Stored data
++++++
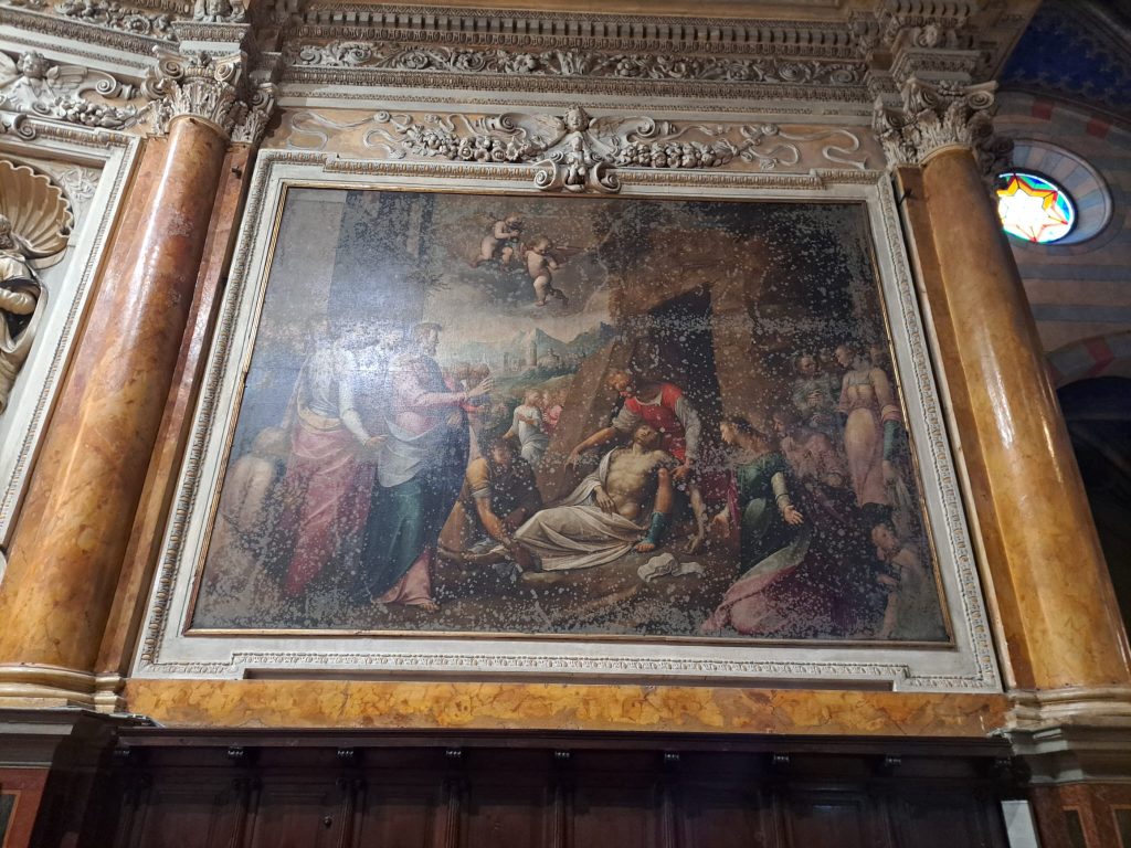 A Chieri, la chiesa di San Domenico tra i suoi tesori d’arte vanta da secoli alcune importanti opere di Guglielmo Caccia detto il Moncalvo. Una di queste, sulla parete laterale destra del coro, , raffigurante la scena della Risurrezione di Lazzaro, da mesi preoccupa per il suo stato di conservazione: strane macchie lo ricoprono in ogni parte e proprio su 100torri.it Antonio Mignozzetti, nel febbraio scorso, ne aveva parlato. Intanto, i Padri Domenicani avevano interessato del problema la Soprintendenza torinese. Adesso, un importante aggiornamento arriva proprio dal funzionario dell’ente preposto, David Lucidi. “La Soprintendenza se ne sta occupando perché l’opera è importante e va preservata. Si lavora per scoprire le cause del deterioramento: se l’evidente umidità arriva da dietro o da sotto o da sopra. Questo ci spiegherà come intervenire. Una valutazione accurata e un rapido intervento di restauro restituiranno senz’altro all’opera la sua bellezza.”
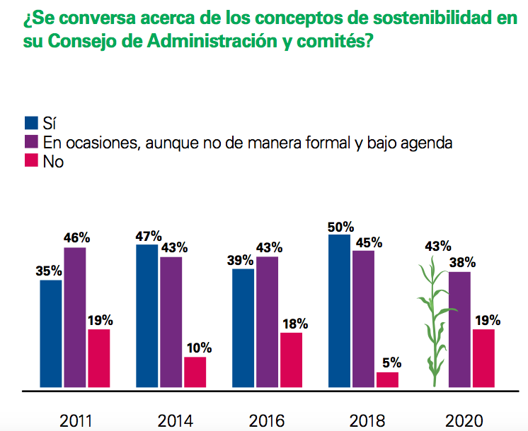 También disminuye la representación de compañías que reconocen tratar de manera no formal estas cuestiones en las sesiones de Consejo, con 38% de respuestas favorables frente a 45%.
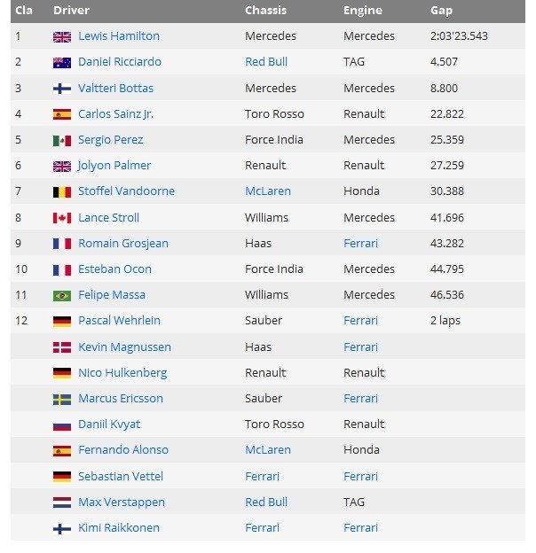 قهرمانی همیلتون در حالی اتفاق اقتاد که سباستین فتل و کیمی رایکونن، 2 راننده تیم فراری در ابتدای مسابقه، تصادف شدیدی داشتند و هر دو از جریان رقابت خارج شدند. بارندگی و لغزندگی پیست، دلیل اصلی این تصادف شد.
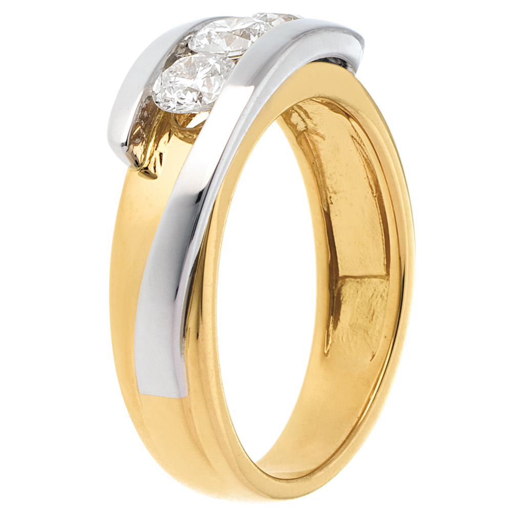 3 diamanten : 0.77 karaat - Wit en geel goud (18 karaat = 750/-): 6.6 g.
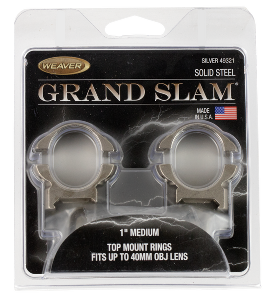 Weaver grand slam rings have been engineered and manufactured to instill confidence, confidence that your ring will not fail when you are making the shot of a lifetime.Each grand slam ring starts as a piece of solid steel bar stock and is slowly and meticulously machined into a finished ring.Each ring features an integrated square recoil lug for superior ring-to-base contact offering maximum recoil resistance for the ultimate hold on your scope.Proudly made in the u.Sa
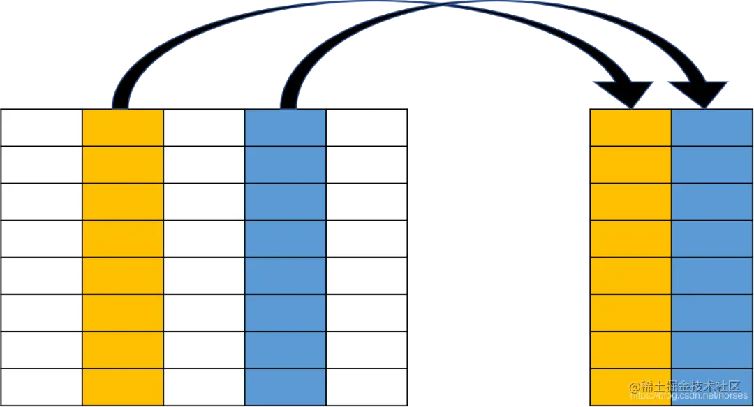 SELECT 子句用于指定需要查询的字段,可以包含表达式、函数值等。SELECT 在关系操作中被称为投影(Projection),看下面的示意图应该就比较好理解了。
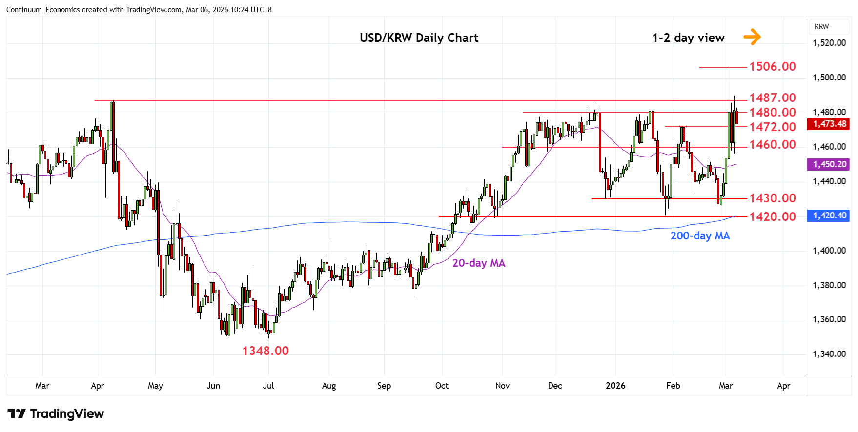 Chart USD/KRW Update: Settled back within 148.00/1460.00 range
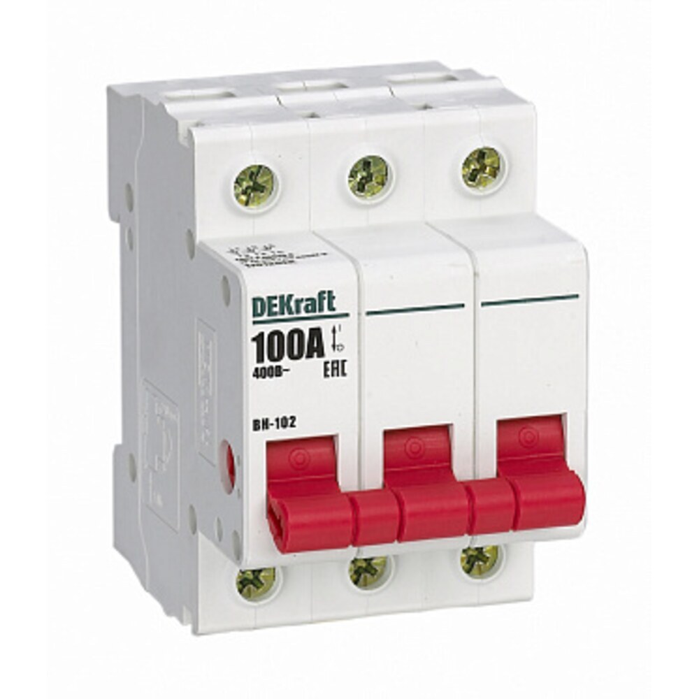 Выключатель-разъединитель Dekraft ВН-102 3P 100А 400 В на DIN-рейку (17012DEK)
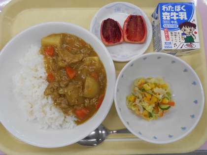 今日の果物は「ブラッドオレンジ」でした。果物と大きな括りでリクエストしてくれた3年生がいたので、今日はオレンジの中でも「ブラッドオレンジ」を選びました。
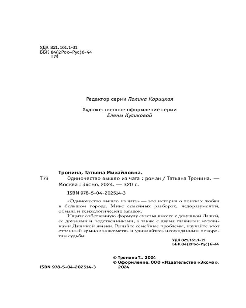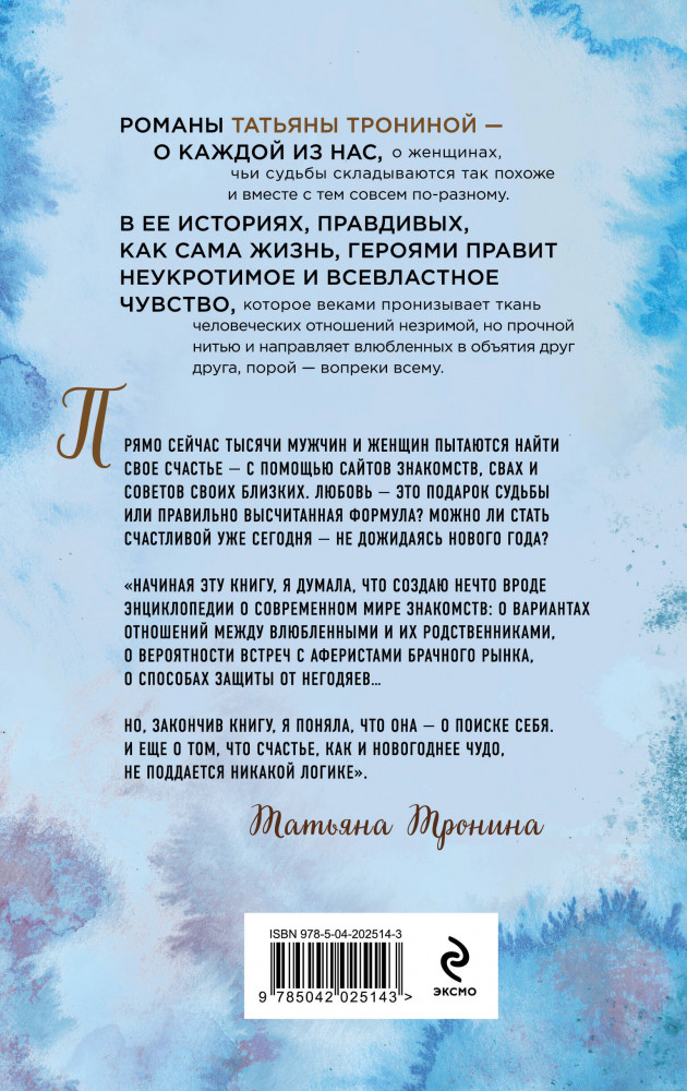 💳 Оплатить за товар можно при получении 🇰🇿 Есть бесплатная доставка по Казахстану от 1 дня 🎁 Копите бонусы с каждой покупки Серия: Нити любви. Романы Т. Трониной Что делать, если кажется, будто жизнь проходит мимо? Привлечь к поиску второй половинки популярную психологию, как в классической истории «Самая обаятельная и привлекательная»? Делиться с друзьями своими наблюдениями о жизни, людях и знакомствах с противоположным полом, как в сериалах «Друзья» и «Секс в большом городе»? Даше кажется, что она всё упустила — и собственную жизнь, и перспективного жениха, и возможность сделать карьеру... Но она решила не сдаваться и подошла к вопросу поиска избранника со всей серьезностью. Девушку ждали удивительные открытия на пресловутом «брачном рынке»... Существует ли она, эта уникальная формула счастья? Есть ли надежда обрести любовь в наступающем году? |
++++++
Work instructions
The required output is the line containing "Chart USD/KRW Update: Settled" plus every line after it to the end of the data, copied exactly and with no pictures.

Completed task
 Chart USD/KRW Update: Settled back within 148.00/1460.00 range
 Выключатель-разъединитель Dekraft ВН-102 3P 100А 400 В на DIN-рейку (17012DEK)
 今日の果物は「ブラッドオレンジ」でした。果物と大きな括りでリクエストしてくれた3年生がいたので、今日はオレンジの中でも「ブラッドオレンジ」を選びました。
 💳 Оплатить за товар можно при получении 🇰🇿 Есть бесплатная доставка по Казахстану от 1 дня 🎁 Копите бонусы с каждой покупки Серия: Нити любви. Романы Т. Трониной Что делать, если кажется, будто жизнь проходит мимо? Привлечь к поиску второй половинки популярную психологию, как в классической истории «Самая обаятельная и привлекательная»? Делиться с друзьями своими наблюдениями о жизни, людях и знакомствах с противоположным полом, как в сериалах «Друзья» и «Секс в большом городе»? Даше кажется, что она всё упустила — и собственную жизнь, и перспективного жениха, и возможность сделать карьеру... Но она решила не сдаваться и подошла к вопросу поиска избранника со всей серьезностью. Девушку ждали удивительные открытия на пресловутом «брачном рынке»... Существует ли она, эта уникальная формула счастья? Есть ли надежда обрести любовь в наступающем году? |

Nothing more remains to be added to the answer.